» **Input material**

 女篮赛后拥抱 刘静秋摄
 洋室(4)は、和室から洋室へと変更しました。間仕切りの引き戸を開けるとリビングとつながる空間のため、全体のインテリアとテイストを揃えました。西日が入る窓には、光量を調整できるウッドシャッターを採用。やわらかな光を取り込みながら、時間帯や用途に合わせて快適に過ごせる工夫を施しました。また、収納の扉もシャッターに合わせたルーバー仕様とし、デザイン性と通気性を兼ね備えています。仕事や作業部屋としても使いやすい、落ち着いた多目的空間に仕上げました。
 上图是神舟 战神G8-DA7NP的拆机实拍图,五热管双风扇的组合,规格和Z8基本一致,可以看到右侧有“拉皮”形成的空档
...
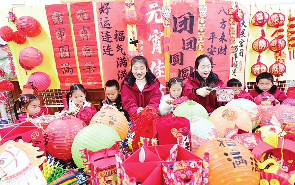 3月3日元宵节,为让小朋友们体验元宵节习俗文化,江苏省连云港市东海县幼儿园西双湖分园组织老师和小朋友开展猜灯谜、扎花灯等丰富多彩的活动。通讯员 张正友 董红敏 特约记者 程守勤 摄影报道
---
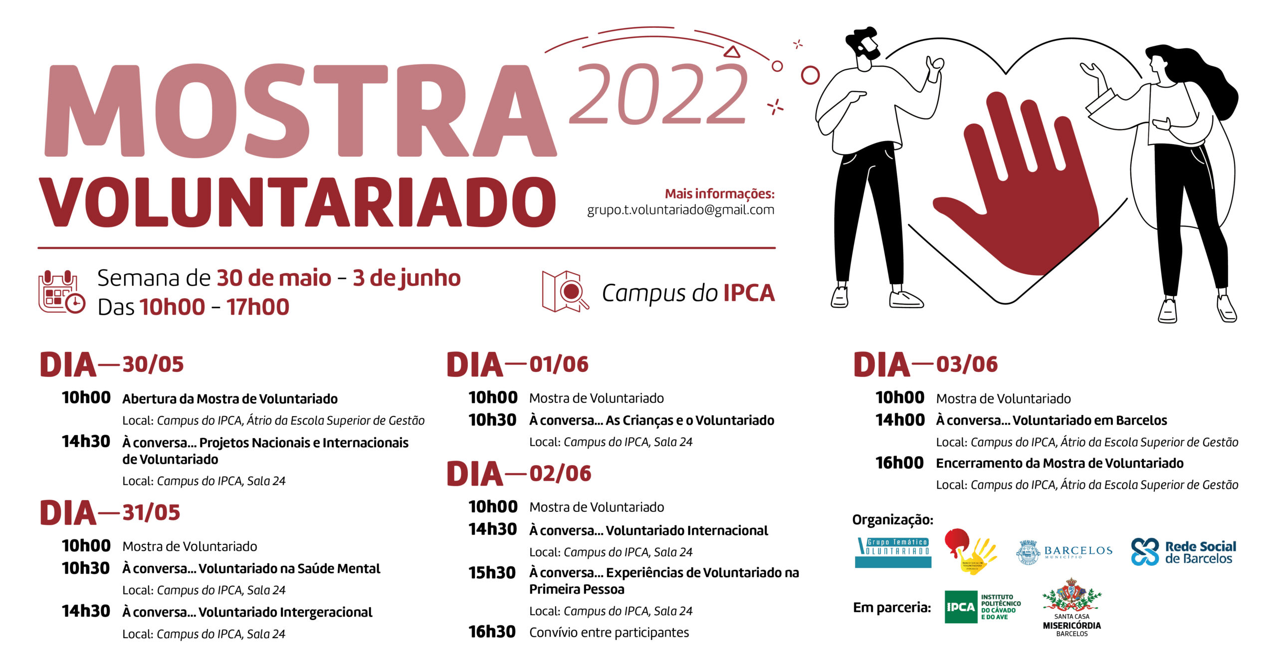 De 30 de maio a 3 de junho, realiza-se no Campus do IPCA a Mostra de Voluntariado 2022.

» **Prompt**
Scan the lines above for "女篮赛后拥抱 刘静秋摄" and for "上图是神舟 战神G8-DA7". Repeat exactly the line holding each of them and every line in between.

» **Problem solution**
 女篮赛后拥抱 刘静秋摄
 洋室(4)は、和室から洋室へと変更しました。間仕切りの引き戸を開けるとリビングとつながる空間のため、全体のインテリアとテイストを揃えました。西日が入る窓には、光量を調整できるウッドシャッターを採用。やわらかな光を取り込みながら、時間帯や用途に合わせて快適に過ごせる工夫を施しました。また、収納の扉もシャッターに合わせたルーバー仕様とし、デザイン性と通気性を兼ね備えています。仕事や作業部屋としても使いやすい、落ち着いた多目的空間に仕上げました。
 上图是神舟 战神G8-DA7NP的拆机实拍图,五热管双风扇的组合,规格和Z8基本一致,可以看到右侧有“拉皮”形成的空档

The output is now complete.